In designing API 10 000 psi and 15 000 psi flanged joints in API 6A for wellhead equipment, the allowable stresses at design pressure were set to Rp0.2/2.0 of the flange and the bolting materials to arrive at reasonable dimensions, Eichenberg (1964). The target prestress in the bolts for API 6A flanges is Rp0.2/2.0, hence flange face separation is expected to occur for external loads in excess to the design pressure and for pressure testing. Properly made-up joints do not leak during pressure testing, as the crushed metal gasket is partly pressure activated. This makes the API joint unsuitable in cases where cyclic external loads occurs in excess of the design pressure.

Limit analysis Limit analysis addresses directly the design objective of

preventing gross plastic deformation with an agreed-upon safety factor. Limit analysis with safety factors on yield strength only presumes use of sufficient tough, ductile, sound and strain hardening materials to ensure that flange joints can attain the required plastic deformed state before premature failure. When the yield strength is applied, the resulting limit load provides a physical connection between the calculated load and the "real" capacity found by testing or elastic plastic finite element analysis, hence indicating the "true" safety factor.

In limit analysis, the loading includes only primary loads such as pressure and weights. Stresses and strains generated by bolt preload (fixed displacement) or temperature fields do not affect limit loads. Such constraints produce external forces (reactions) that are self-limiting.

For ferritic flange grades the code limit load is based on a "yield" strength equal to 1.5 x min (Rm/3 ; Rp0.2/1.5) and 1.5 x min (Rm/2.4 ; Rp0.2/1.5) in ASME VIII Div.2 and EN 1591, respectively.

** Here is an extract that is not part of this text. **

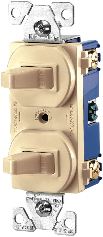 Grounding terminal screw standard. Combination switch with additional switch has 120/277 volt rating, ideal for fluorescent lighting fixtures typical in commercial applications. 0.050" thick steel mounting strap zinc-plated for corrosion resistance. Break-off provision for wiring both devices on same circuit or on separate circuits. Terminal screws backed out and ready for wiring. Side wire terminals accept up to #10 solid or stranded wire. Combination slot/Phillips head mounting and terminal screws. Switches meet all UL 20 requirements. UL Listed.Item Specifications

According to this approach, the calculated limit load will be less than the yield-point limit load of the flange unless Rp0.2/Rm is less than 0.5 or 0.63 for the ASME and EN code respectively. Consider a flange made of ASTM A105 with Rm=485 MPa and Rp0.2=250 MPa and ASTM A694 F52 with Rm=455 MPa and Rp0.2=360 MPa. In this case is the safety factor against its yield-point limit state 1.55 and 2.37 for A105 and A694 F52 for the ASME code limit load. High strength steels, duplex stainless steels (which are treated as ferritic) and steel bolts suffer from this as the ratio of yield to tensile strength for these steels is close to 0.9.

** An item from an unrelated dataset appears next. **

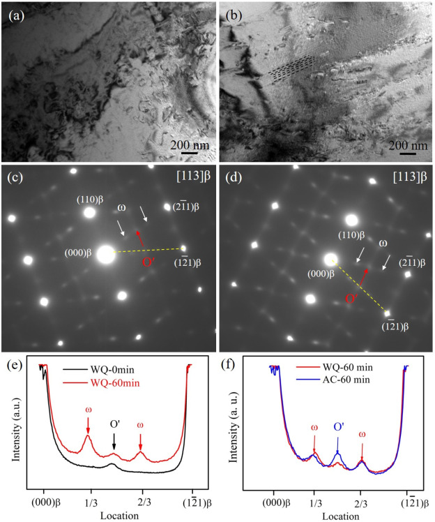 Ti-5321合金固溶后在200℃时效1h后的微观组织与相组成如图1所示,时效过程中ω和O′相持续析出,含量不断上升,与水淬态Ti-5321合金相比,空冷态合金在时效后的组织中O′相含量明显更高。两种亚稳相含量的上升使得合金的屈服强度不断上升,产生了显著析出强化效果,如图2所示。由于空冷态合金在时效后仍然具有更高含量的O′相,其强度可进一步提高。有趣的是由于O′相的形成,ω相本身自带的脆性效果消失,合金在保温时间不超过1h时,塑性没有下降,反而表现出不断上升的趋势,直至保温时间超过1h后ω相致脆效果才逐渐显现。亚稳相含量的上升抑制了变形过程中发生应力诱导相变行为,使得合金的主导变形机制逐渐由应力诱发相变转变为机械孪晶与位错滑移。

Based on the author's experience, yield point limit loads fit very well with elastic ideal plastic finite element analysis and gives lower bounds compared to experimental testing, hence the code safety factor seems to be varying. However, ASME VIII, Div. 2 Appendix 4 gives a safety factor of 1.5 on the capacity obtained by experimental testing. It may then be argued that yield-point limit load analysis may be performed

with a safety factor of 1.5 on the limit load also fulfills the requirements in ASME VIII, Div.2 Appendix 4. Using yield point limit loads or plastic design for design of components requires that the materials exhibit sufficient fracture toughness and ductility to ensure that it can attain the required plastically deformed state without premature failure. It should further be noted that a safety factor of 1.5 on yield strength is also applied in ASME B31.3 high-pressure piping, DIN 2505 for flanges and API Spec.6A for wellhead equipment including flanges in addition to several steel structural, pipeline, e.g. ISO 13623:2000, and riser codes.

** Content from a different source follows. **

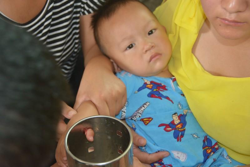 2016年7月5日,安徽蕭縣一歲男童右手拇指被卡筷簍孔洞,無法取出。(王保勝 楊亞 攝)民聲供稿平臺 發
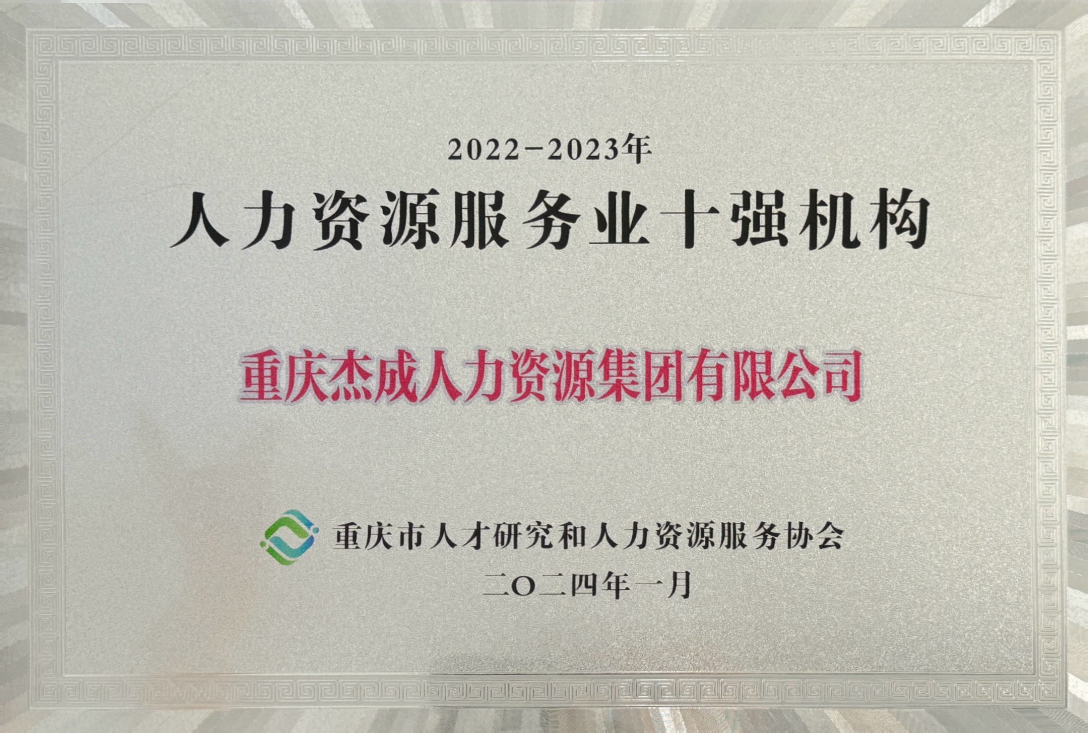 荣获重庆市人力资源服务业10强

As the load is restricted to a level of 2/3 of the limit loads, the degree of yielding or permanent deformation in a flange joint is restricted to small values, see Fig. 9, which will not cause leakage or malfunction. In the case of cyclic loading, the subsequent strain portions are linear, ensuring shake down, as long as the stress range is less than 2 times the yield strength. For load changes between zero and maximum load, swelling loads, differences of deformations are linear, if the safety factor of 1.5 against limit loads is used. The load characteristic of flanges is not swelling because the bolts preload the flange joint. Common ductile materials show hardening effects in the stress strain relation that increases the range of linearity compared to elastic perfectly plastic behavior.

CFJ DESIGN METHOD

General In ASME/EN ring type joints, the gasket separates the

flanges and is a load-carrying element. Therefore it must be strong enough to take the full bolt load when the bolts are tightened and no pressure exists in the flange. The bolt load in flange consists of the load caused by pressure and external loads trying to separate the flanges plus the load necessary to keep the gasket tight, which load is assumed to be a multiple of the unit pressure, exerted on the projected sealing area of the gasket. A vicious circle is established thereby: The greater the bolt load, the greater the gasket width and seating area to support it, in turn necessitating an increase in bolt load. Enormous gaskets and bolts can be designed this way.

If flanges are made up face-to-face, this arrangement will support the bolt load when no pressure is on the flanges; and if the seal ring is self seating only a small initial load is necessary to establish sealing. Therefore the bolts have to carry only the pressure and external load plus any small axial component of the seal ring contact pressure. Thus the seal ring cross section becomes independent of the bolt load. The present design method applies to circular bolted flange connections with self-seating and pressure activating seal ring with metal-to-metal face contact.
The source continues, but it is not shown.